• **YOUR INSTRUCTIONS**
Everything below from the line with "En 19 (6,6 %)" through the line with "Light Luxury Bathroom" should be copied exactly, and nothing else; leave out the pictures.

• **SUPPLIED ENTRIES**
_____
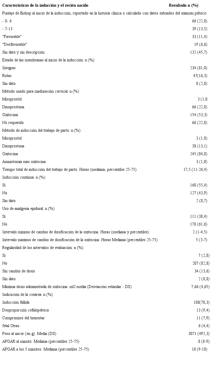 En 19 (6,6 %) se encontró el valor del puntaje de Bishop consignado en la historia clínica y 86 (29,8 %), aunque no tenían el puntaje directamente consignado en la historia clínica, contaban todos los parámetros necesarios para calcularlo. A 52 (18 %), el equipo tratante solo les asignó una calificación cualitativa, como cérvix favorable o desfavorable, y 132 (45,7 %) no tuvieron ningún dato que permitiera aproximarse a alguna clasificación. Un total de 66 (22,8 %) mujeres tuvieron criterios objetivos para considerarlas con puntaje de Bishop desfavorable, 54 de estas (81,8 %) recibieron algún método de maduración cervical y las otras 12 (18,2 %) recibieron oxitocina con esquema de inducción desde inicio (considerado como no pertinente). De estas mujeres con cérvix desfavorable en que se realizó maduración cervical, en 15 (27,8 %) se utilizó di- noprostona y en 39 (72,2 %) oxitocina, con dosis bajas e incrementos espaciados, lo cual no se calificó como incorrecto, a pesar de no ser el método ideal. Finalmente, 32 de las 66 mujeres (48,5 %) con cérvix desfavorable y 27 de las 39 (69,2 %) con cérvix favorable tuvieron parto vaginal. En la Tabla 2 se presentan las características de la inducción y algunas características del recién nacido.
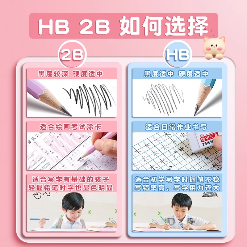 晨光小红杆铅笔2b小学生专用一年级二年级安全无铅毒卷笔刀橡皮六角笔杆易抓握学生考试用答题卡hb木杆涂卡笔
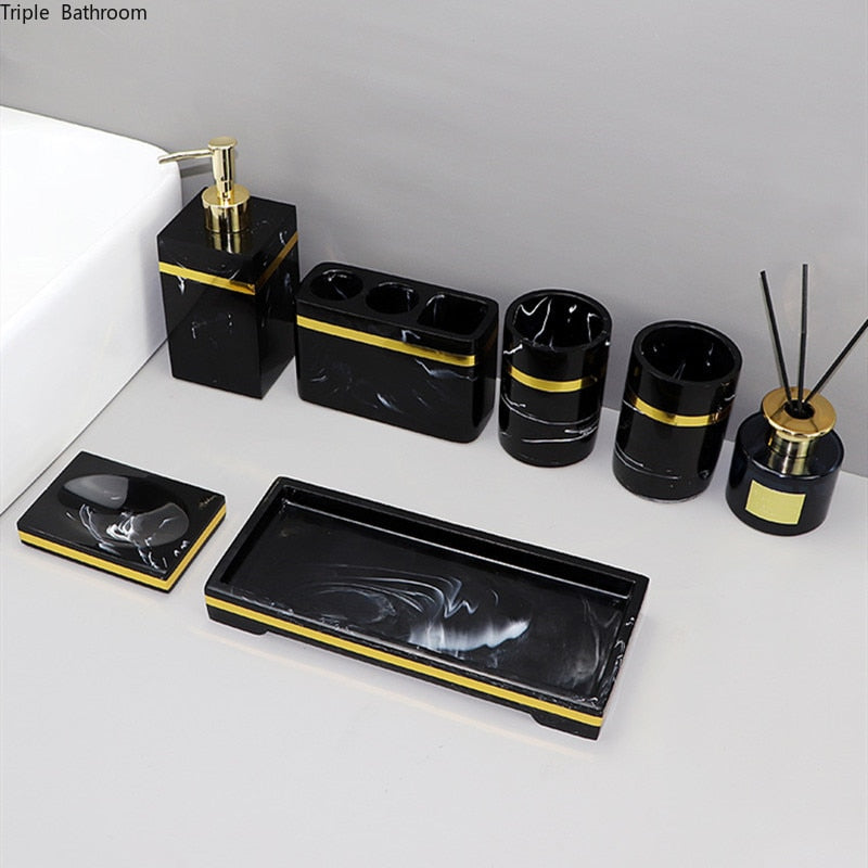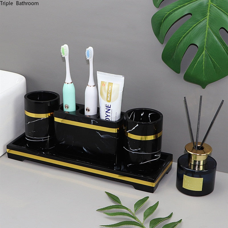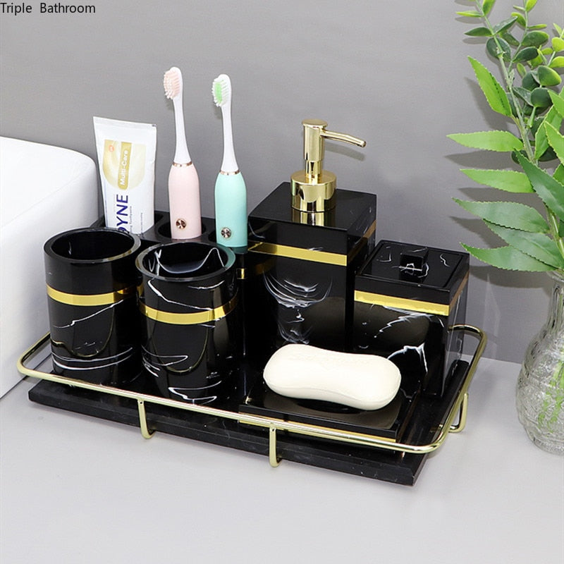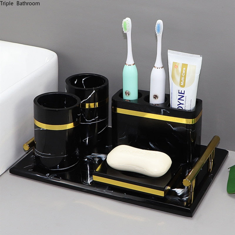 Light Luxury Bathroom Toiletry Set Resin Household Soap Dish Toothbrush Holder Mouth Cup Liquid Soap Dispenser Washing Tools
_____
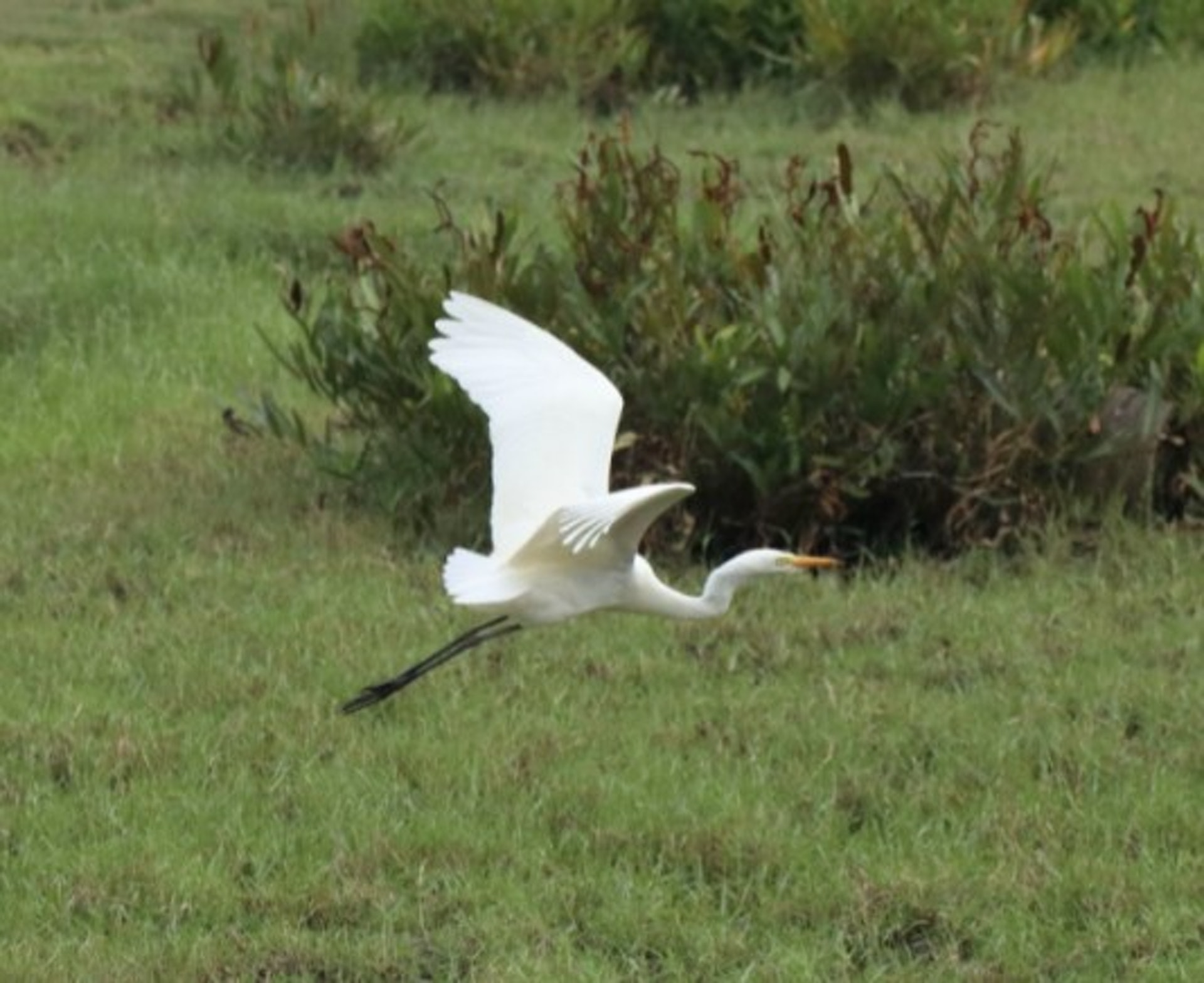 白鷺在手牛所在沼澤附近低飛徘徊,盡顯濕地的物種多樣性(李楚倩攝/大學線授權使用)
_____
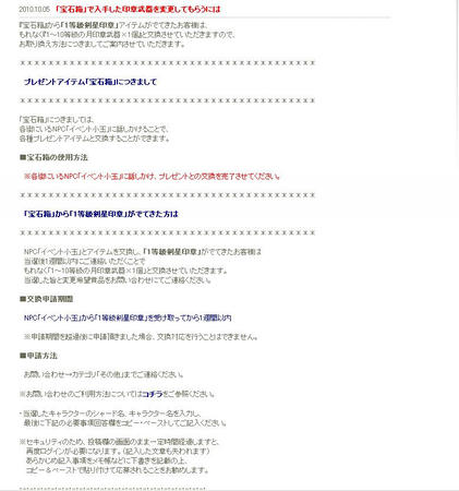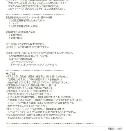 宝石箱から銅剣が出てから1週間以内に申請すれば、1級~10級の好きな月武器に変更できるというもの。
_____
• **TASK SOLUTION**
 En 19 (6,6 %) se encontró el valor del puntaje de Bishop consignado en la historia clínica y 86 (29,8 %), aunque no tenían el puntaje directamente consignado en la historia clínica, contaban todos los parámetros necesarios para calcularlo. A 52 (18 %), el equipo tratante solo les asignó una calificación cualitativa, como cérvix favorable o desfavorable, y 132 (45,7 %) no tuvieron ningún dato que permitiera aproximarse a alguna clasificación. Un total de 66 (22,8 %) mujeres tuvieron criterios objetivos para considerarlas con puntaje de Bishop desfavorable, 54 de estas (81,8 %) recibieron algún método de maduración cervical y las otras 12 (18,2 %) recibieron oxitocina con esquema de inducción desde inicio (considerado como no pertinente). De estas mujeres con cérvix desfavorable en que se realizó maduración cervical, en 15 (27,8 %) se utilizó di- noprostona y en 39 (72,2 %) oxitocina, con dosis bajas e incrementos espaciados, lo cual no se calificó como incorrecto, a pesar de no ser el método ideal. Finalmente, 32 de las 66 mujeres (48,5 %) con cérvix desfavorable y 27 de las 39 (69,2 %) con cérvix favorable tuvieron parto vaginal. En la Tabla 2 se presentan las características de la inducción y algunas características del recién nacido.
 晨光小红杆铅笔2b小学生专用一年级二年级安全无铅毒卷笔刀橡皮六角笔杆易抓握学生考试用答题卡hb木杆涂卡笔
 Light Luxury Bathroom Toiletry Set Resin Household Soap Dish Toothbrush Holder Mouth Cup Liquid Soap Dispenser Washing Tools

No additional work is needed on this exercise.